Australia-based AWE said Wednesday it has agreed to sell its 10 percent working interest in the Sugarloaf Area of Mutual Interest to Carrier Energy Partners II for $190 million in cash.
AWE has received a $14 million deposit from Houston-based CEP II, a private oil and gas company focused on the acquisition and exploitation of upstream assets.
The Sugarloaf AMI comprises 24,000 acres in the Eagle Ford shale play and holds proved plus probable reserves of 47.8 million barrels of oil equivalent, according to AWE.
The transaction is expected to be completed by the end of March 2016.
AWE said it will use the sale proceeds to repay debt drawn under the company’s debt facility.
The proceeds are expected to “substantially strengthen the company’s balance sheet” leaving AWE in a net cash position of about $42 million, or AUD 60 million, at the anticipated closing date.
The sale agreement has an effective date of January 1, 2016 and is subject to purchase price adjustments at closing, including a $9 million payment to AWE for drilling costs incurred prior to the effective date.

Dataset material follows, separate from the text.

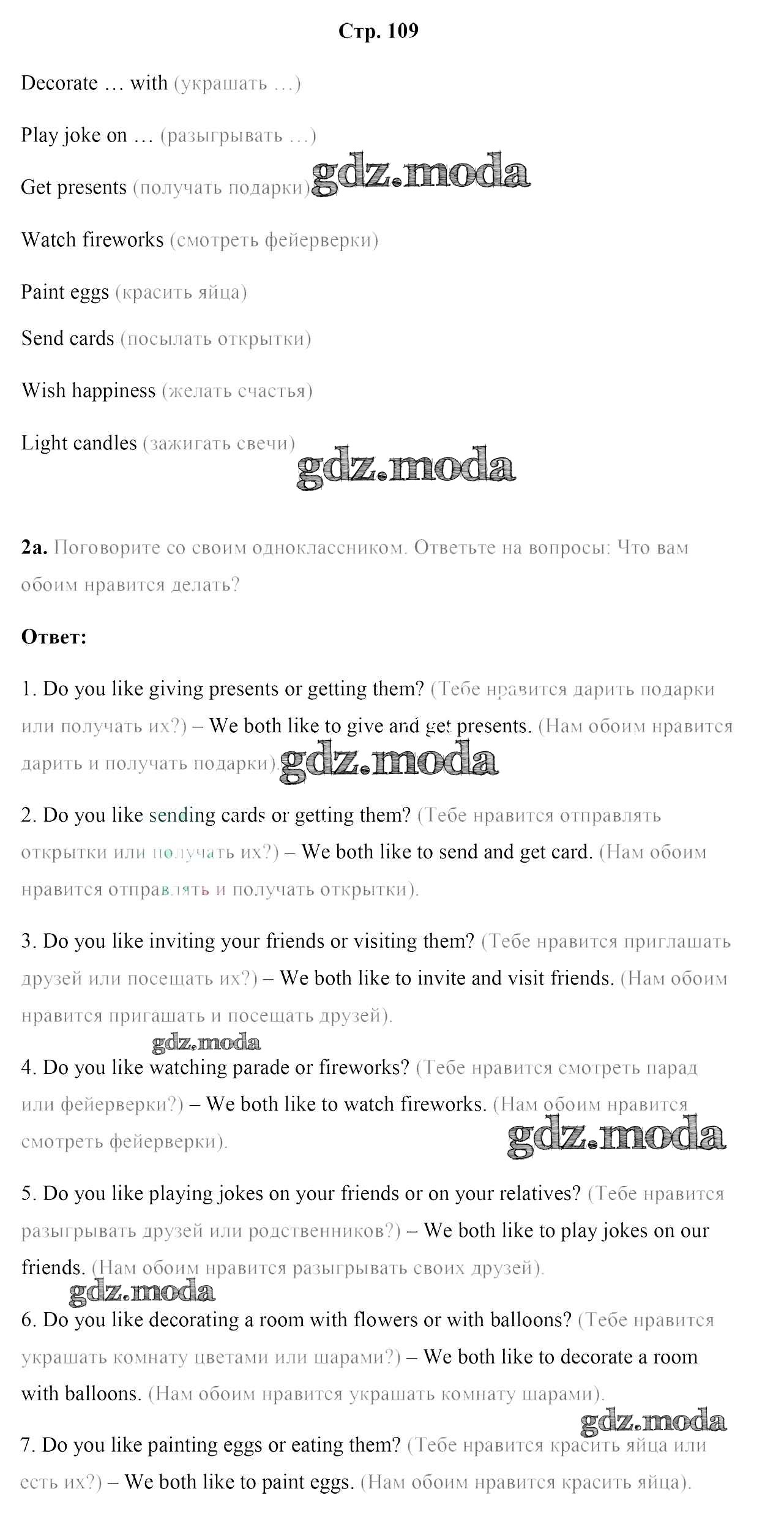 ГДЗ решение к заданию № 109 Английский язык 5 класс Лапицкая Л.М. Народная асвета 2020 Часть 1, Часть 2 ФГОС бесплатно на гдз.мода!

The sale is expected to generate an unaudited, after-tax non-cash profit of $11.27 million, subject to purchase price adjustments.
The current mark to market value of AWE’s unutilised oil price hedges relating to the Sugarloaf asset is $5.2 million.
AWE acquired its 10 percent stake in Sugarloaf in 2010.
AWE’s managing director and CEO Bruce Clement said that the sale of the Sugarloaf stake is consistent with the company’s strategy of divesting assets in order to recycle capital into ground floor developments, such as the Waitsia gas project in Western Australia.
“AWE has worked with the operator, Marathon Oil, over the past few years to optimally develop the asset and realise its potential. With Sugarloaf now entering a more mature phase of production and development, the time is right to divest this asset and focus on the next major project for AWE – the Waitsia gas project in Western Australia,” Clement said.
The sale of the Sugarloaf stake is expected to reduce AWE’s production, sales revenue and development expenditure guidance for the 2015 to 2016 financial year.
The company said it will restate its guidance in its half year results on February 24.